— Task to complete —
Given these entries, repeat exactly the lines starting with the one that has "11月5日(水)、今年度の芸" and going on through the one that has "Alongside the campaign", both included, but none of the pictures.

=== Stored data ===

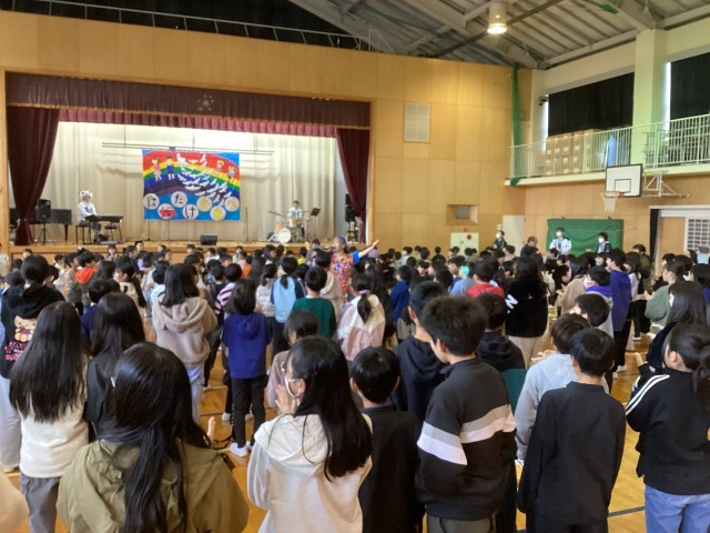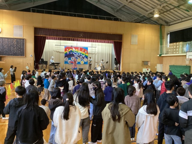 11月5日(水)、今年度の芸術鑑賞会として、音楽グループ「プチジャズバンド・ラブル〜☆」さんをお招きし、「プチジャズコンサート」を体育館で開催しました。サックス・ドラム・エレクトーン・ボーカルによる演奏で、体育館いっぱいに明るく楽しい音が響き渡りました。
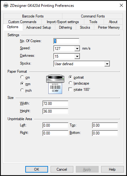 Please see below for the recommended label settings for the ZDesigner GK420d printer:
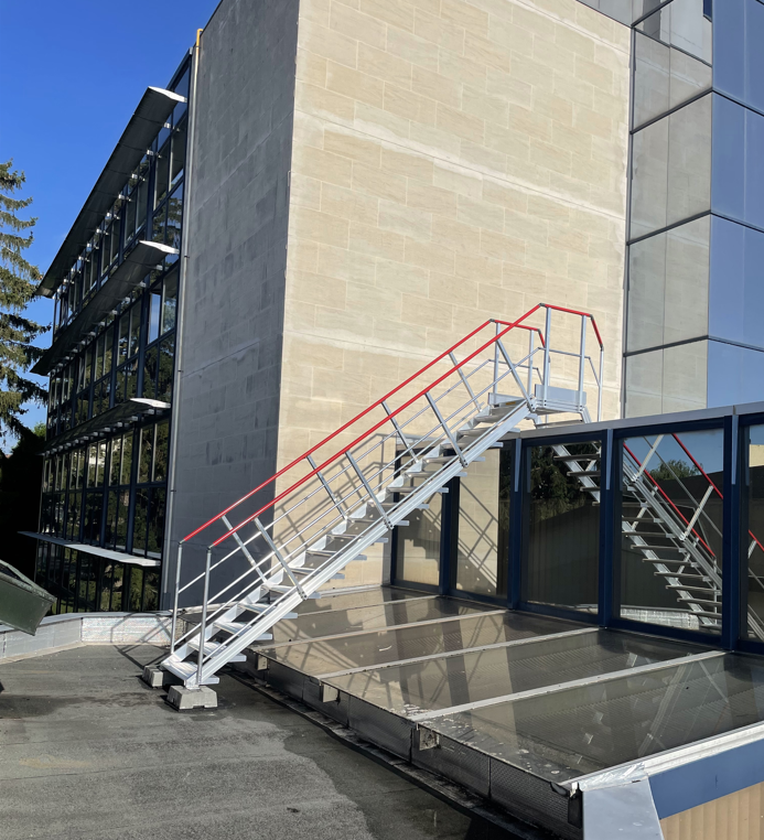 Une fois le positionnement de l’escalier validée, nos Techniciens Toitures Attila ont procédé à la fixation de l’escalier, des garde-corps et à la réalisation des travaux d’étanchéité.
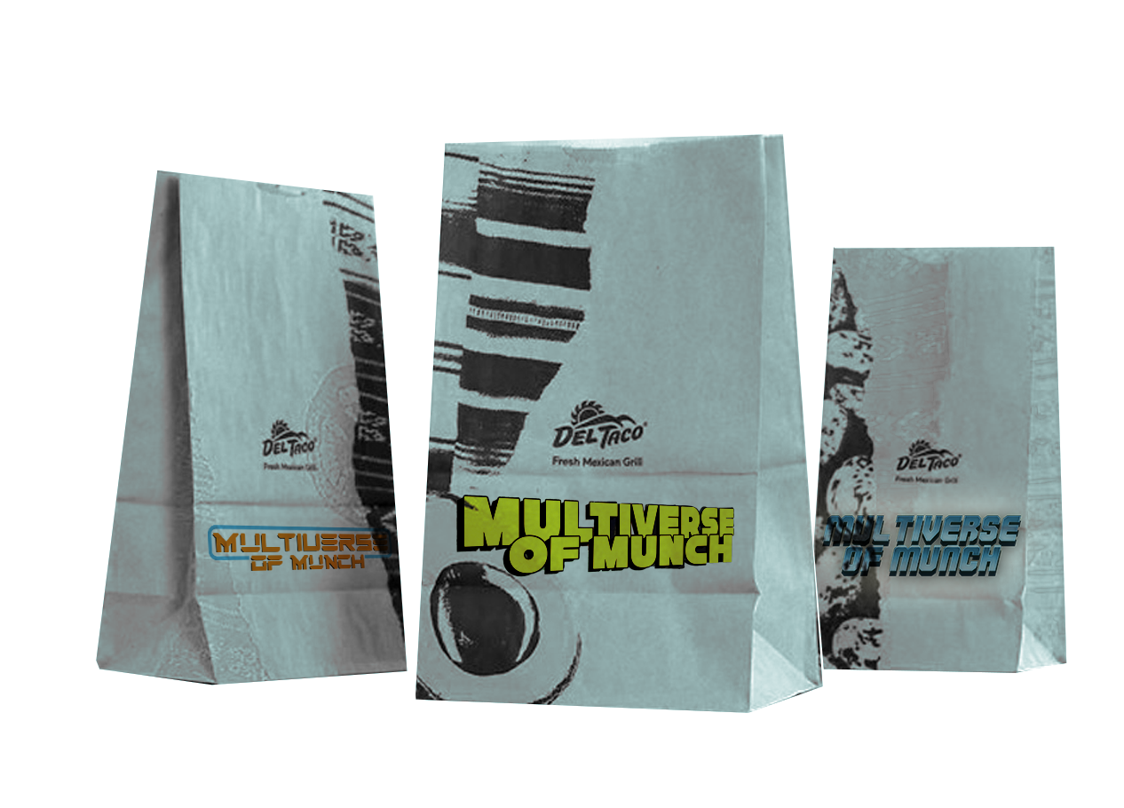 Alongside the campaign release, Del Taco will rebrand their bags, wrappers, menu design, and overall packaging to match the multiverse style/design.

===
=== Stored data ===

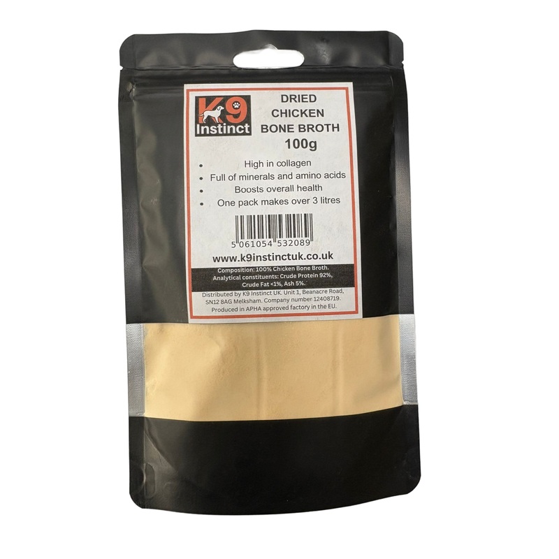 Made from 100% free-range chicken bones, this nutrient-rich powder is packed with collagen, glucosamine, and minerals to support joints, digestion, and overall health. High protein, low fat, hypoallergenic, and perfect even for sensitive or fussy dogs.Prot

===
=== Stored data ===

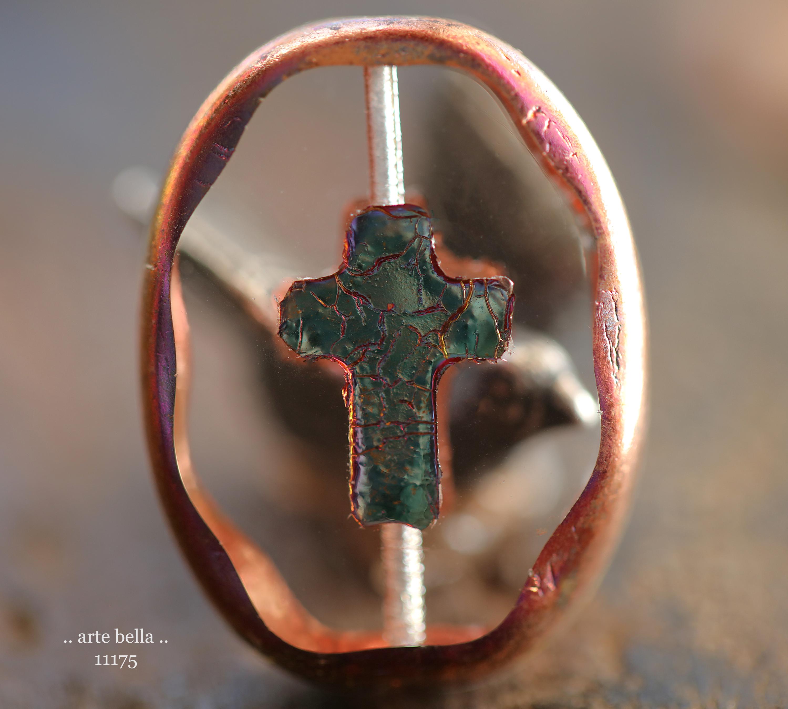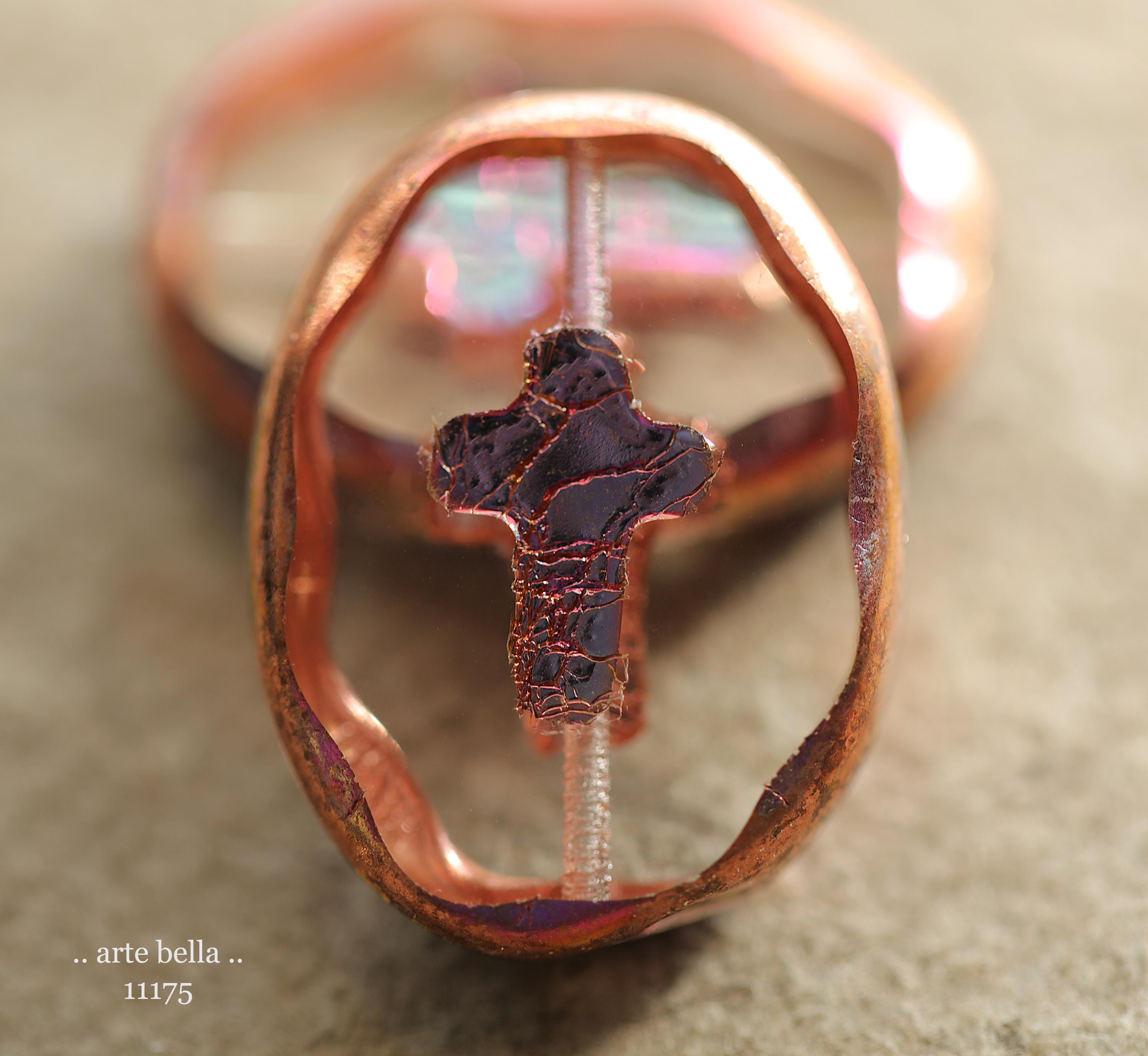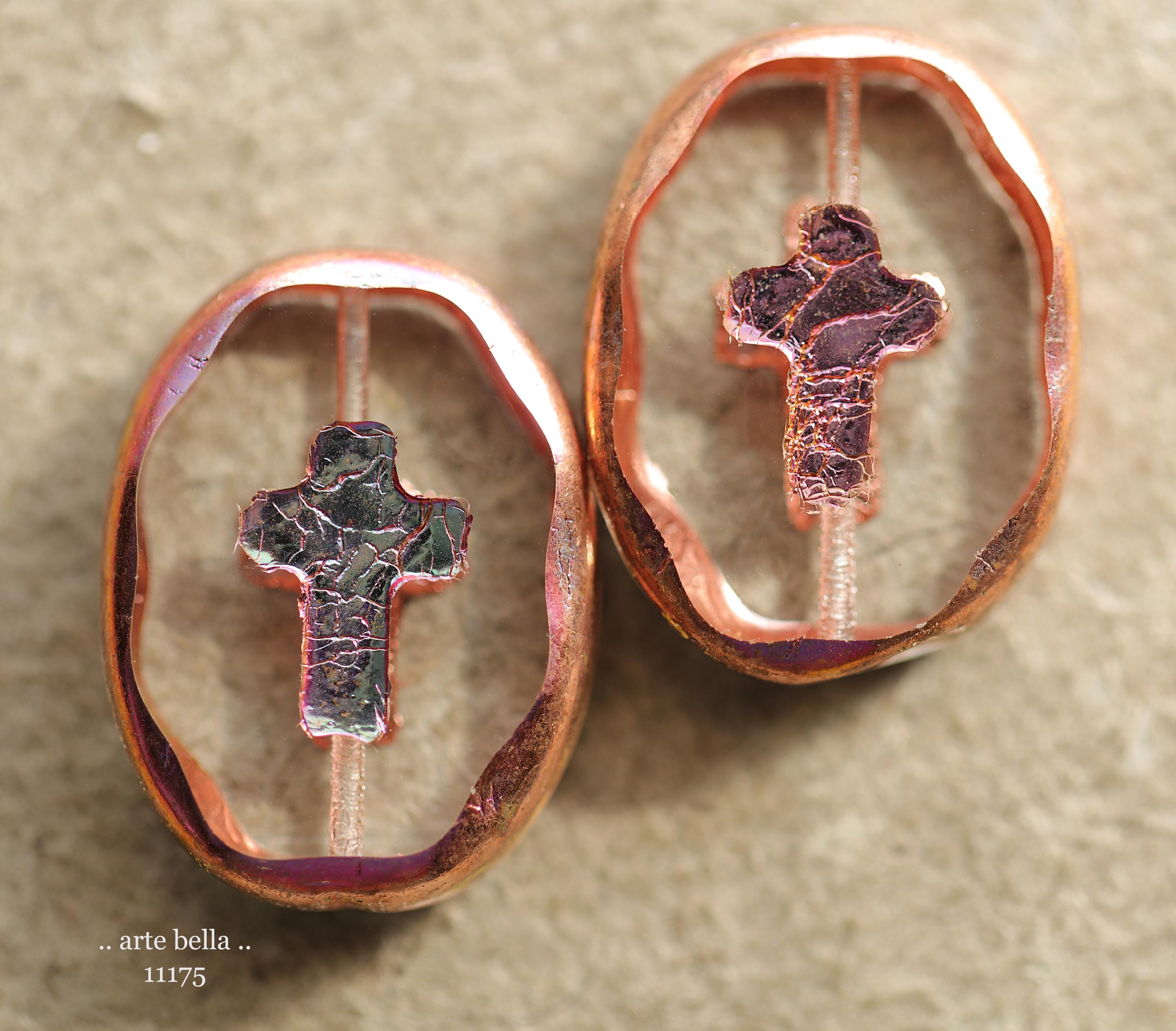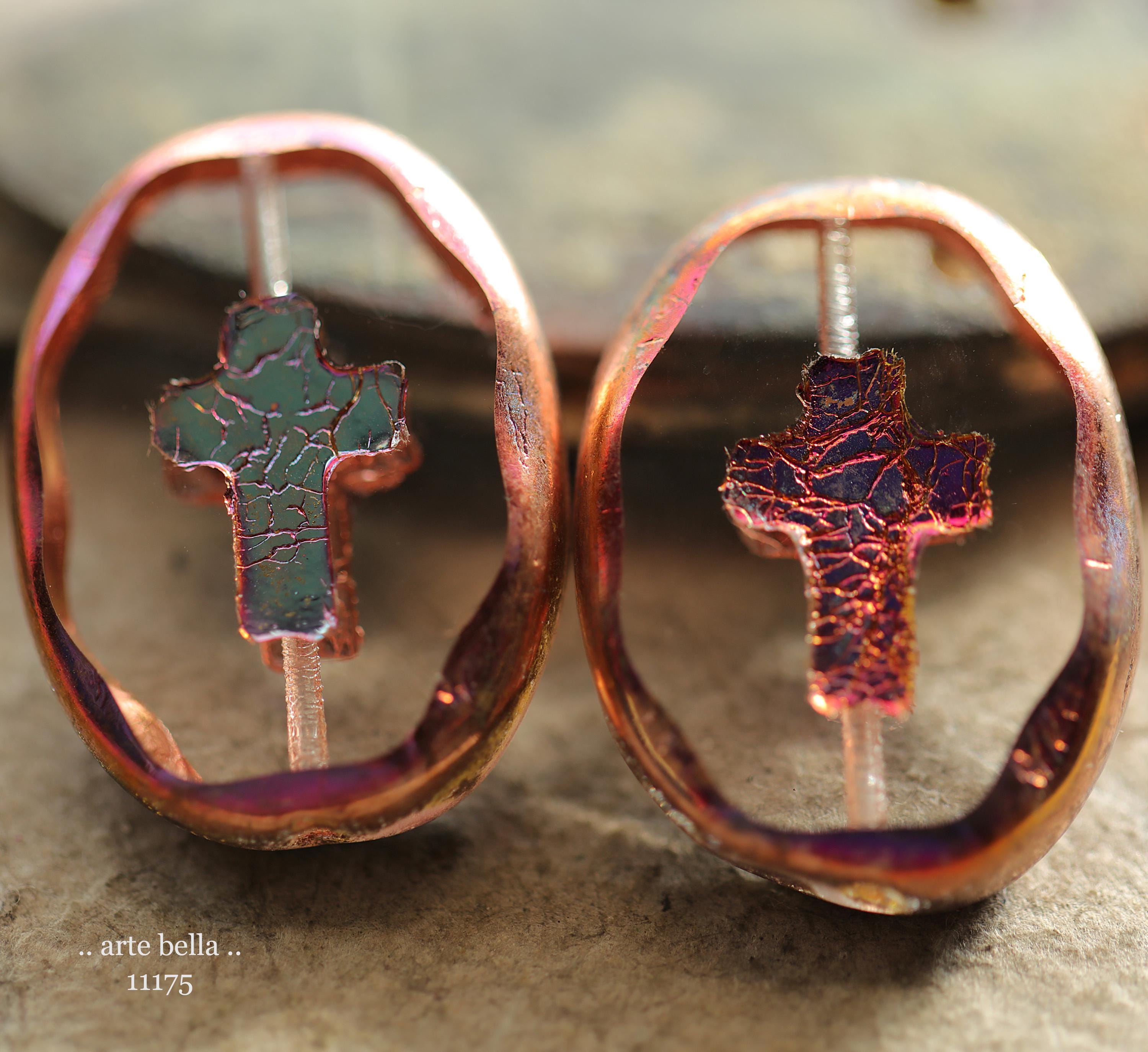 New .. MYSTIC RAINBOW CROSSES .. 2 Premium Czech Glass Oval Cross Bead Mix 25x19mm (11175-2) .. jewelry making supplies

===

— Solution —
 11月5日(水)、今年度の芸術鑑賞会として、音楽グループ「プチジャズバンド・ラブル〜☆」さんをお招きし、「プチジャズコンサート」を体育館で開催しました。サックス・ドラム・エレクトーン・ボーカルによる演奏で、体育館いっぱいに明るく楽しい音が響き渡りました。
 Please see below for the recommended label settings for the ZDesigner GK420d printer:
 Une fois le positionnement de l’escalier validée, nos Techniciens Toitures Attila ont procédé à la fixation de l’escalier, des garde-corps et à la réalisation des travaux d’étanchéité.
 Alongside the campaign release, Del Taco will rebrand their bags, wrappers, menu design, and overall packaging to match the multiverse style/design.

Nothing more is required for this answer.